*** Block opens ***
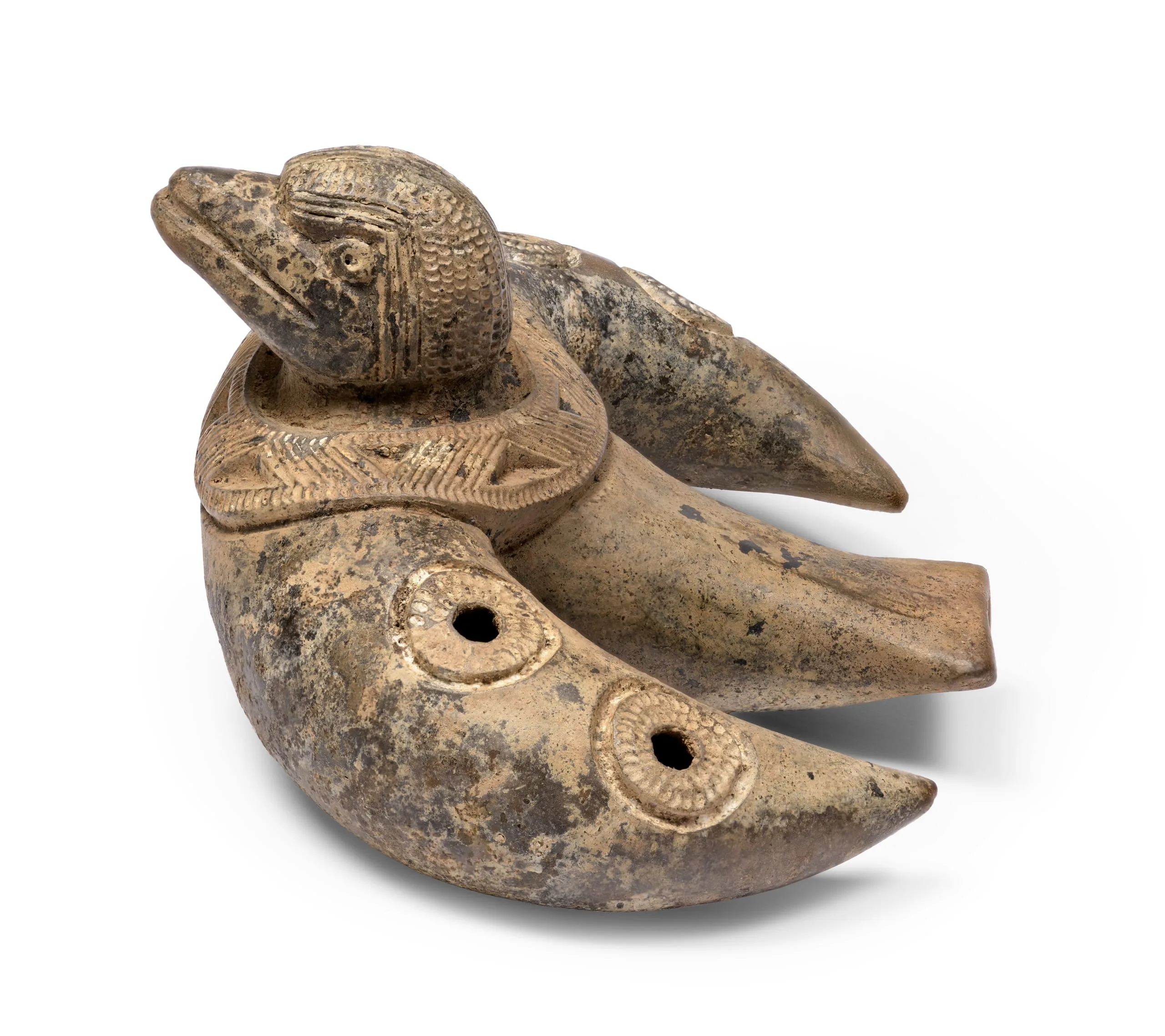 Ceramic object with two nested crescent forms and a small sculptural bird or animal figure on top, unglazed sandy clay with mottled gray-brown surface and incised decoration
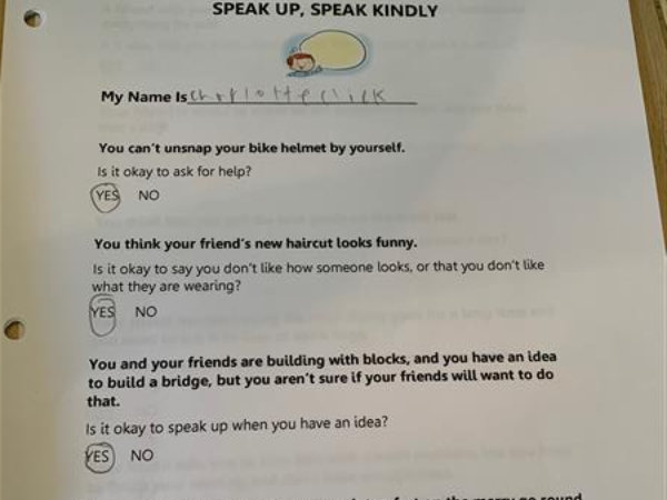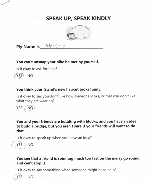 3. Click here to view and print our activity: Speak Up, Speak Kindly.
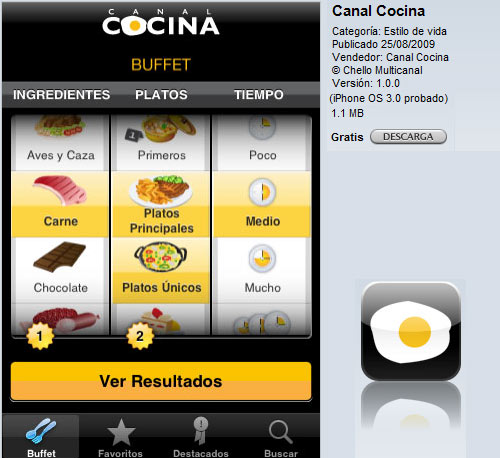 Canal Cocina en iPhone es una aplicación compatible con iPhone e iPod Touch y puedes descargarla a través de App Store. Por el momento, la valoración que han realizado los usuarios sobre el nuevo recurso en la red y de las nuevas tecnologías es muy buena, catalogándola como una de las mejores aplicaciones de cocina que se pueden encontrar en App Store.
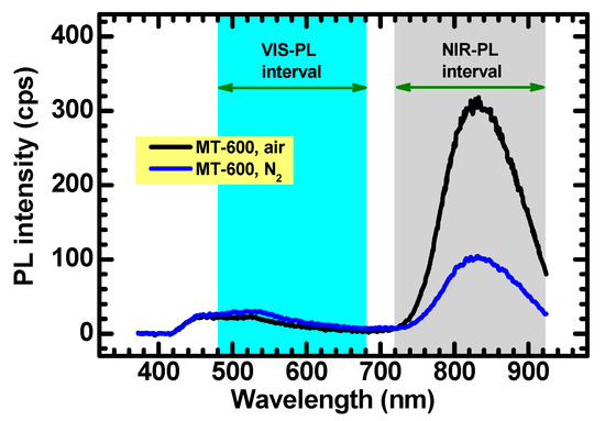 PL spectra of the MT-600 sample acquired in air (black curve) after 20 min exposure to flowing N2 (300 sccm flow): The spectra are acquired at room temperature. The wavelength interval used as definition for “VIS-PL” and “NIR-PL” are highlighted.
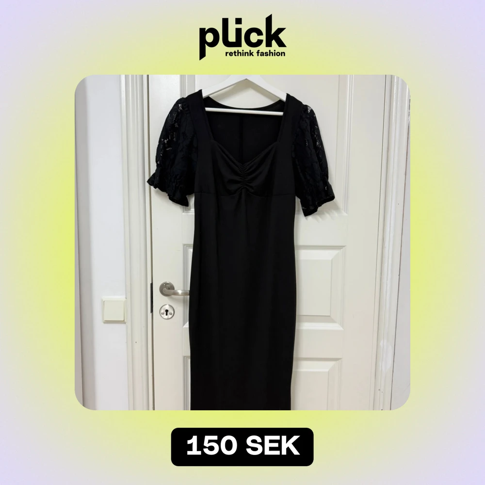 Elegant svart klänning med v-ringad design och puffiga spetsärmar. Perfekt för festliga tillfällen. Klänningen har en smickrande passform och är knälång. Materialet är mjukt och bekvämt, vilket gör den idealisk för både dag och kväll. Helt ny, oanvänd och redo för en fantastisk ny ägare!
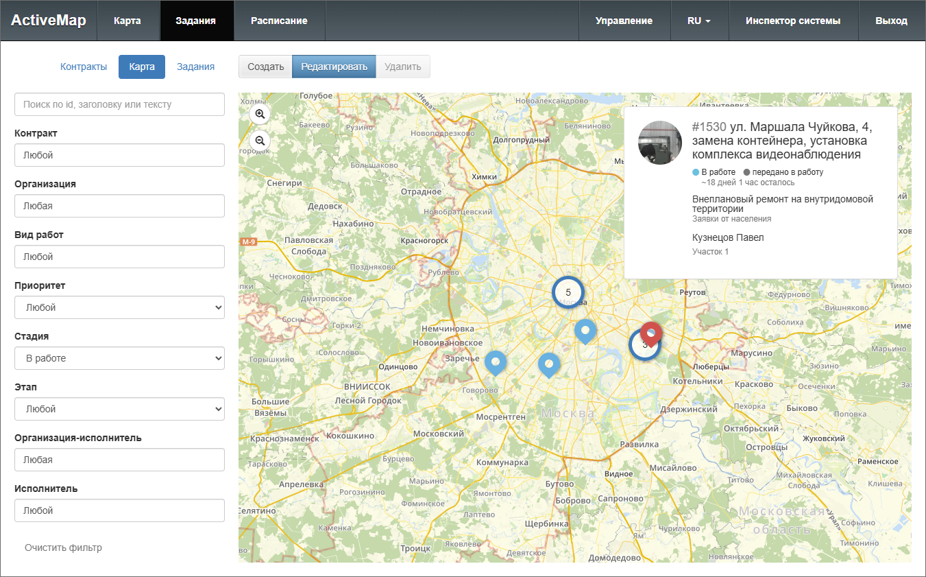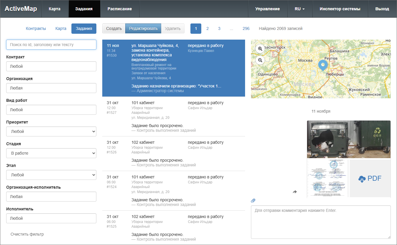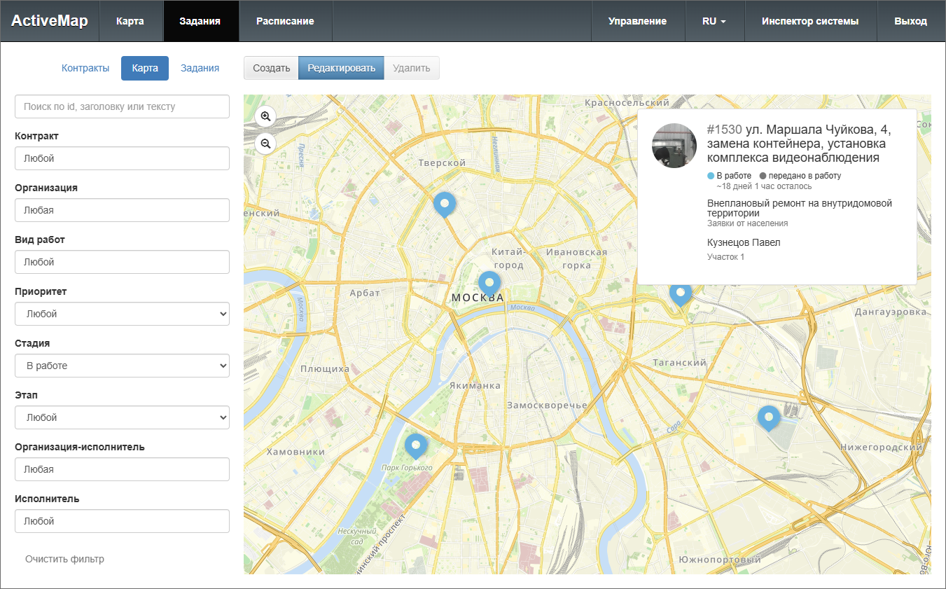 Для поиска задания достаточно ввести в поле контекстного поиска часть его номера, заголовка (названия) или описания. Для фильтрации заданий по стадии, виду работ, этапу, приоритету, организации, организации-исполнителю и исполнителю необходимо выбрать значения из выпадающего списка. После ввода и выбора параметров фильтрации на карте отобразятся задания, удовлетворяющие заданным критериям.
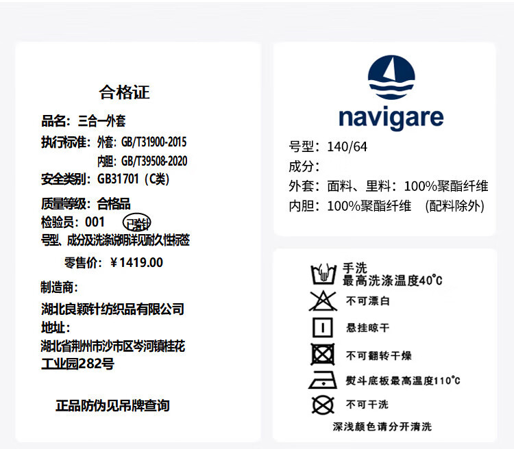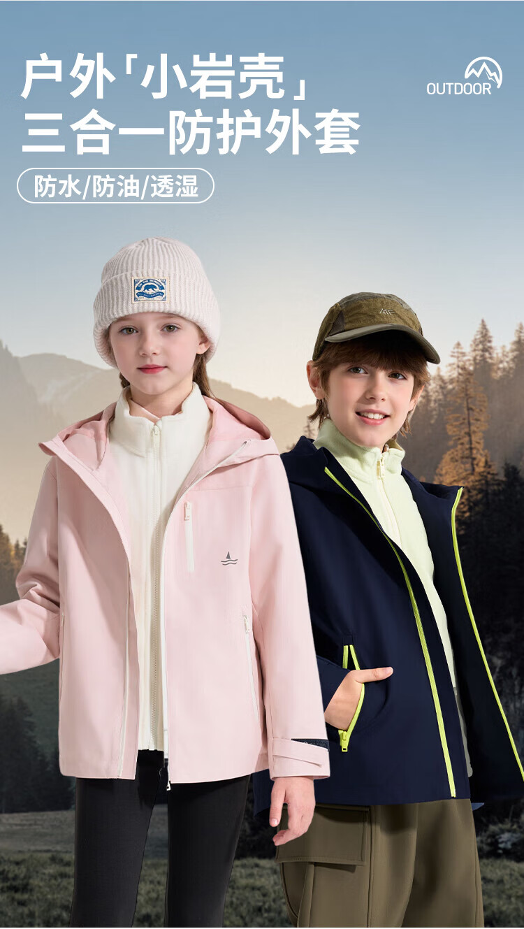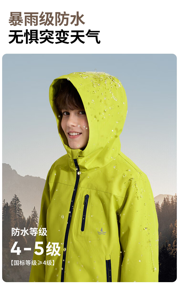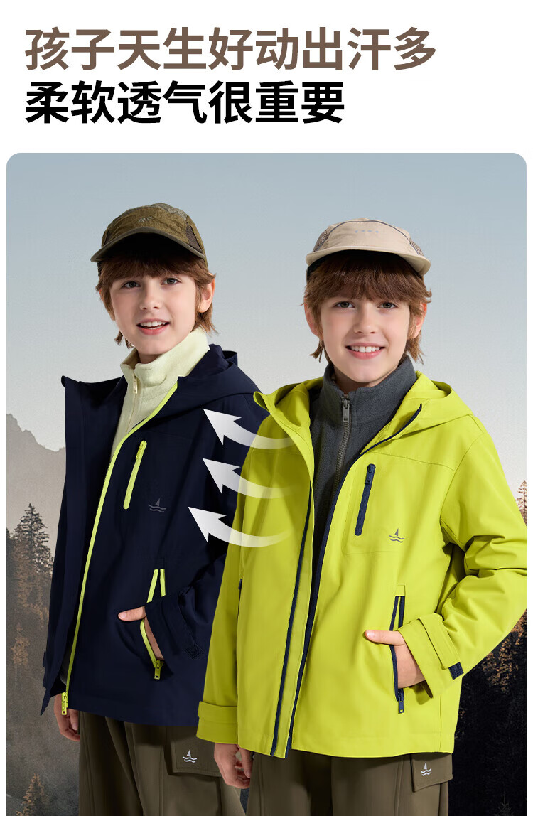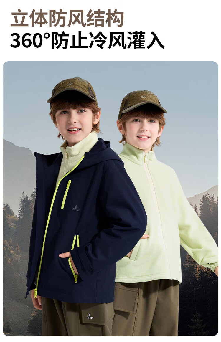 Navigare儿童外套新款男童外套女童上衣三合一外套防水防寒保暖学生衣服5 户外行走牛油果绿 150
*** Block closes ***
#### WHAT THE EXERCISE ASKS:
Starting with the line that holds "Для поиска задания", repeat exactly every line through the end of the material above, both ends included, without the pictures.

#### SOLUTION TO THIS TASK:
 Для поиска задания достаточно ввести в поле контекстного поиска часть его номера, заголовка (названия) или описания. Для фильтрации заданий по стадии, виду работ, этапу, приоритету, организации, организации-исполнителю и исполнителю необходимо выбрать значения из выпадающего списка. После ввода и выбора параметров фильтрации на карте отобразятся задания, удовлетворяющие заданным критериям.
 Navigare儿童外套新款男童外套女童上衣三合一外套防水防寒保暖学生衣服5 户外行走牛油果绿 150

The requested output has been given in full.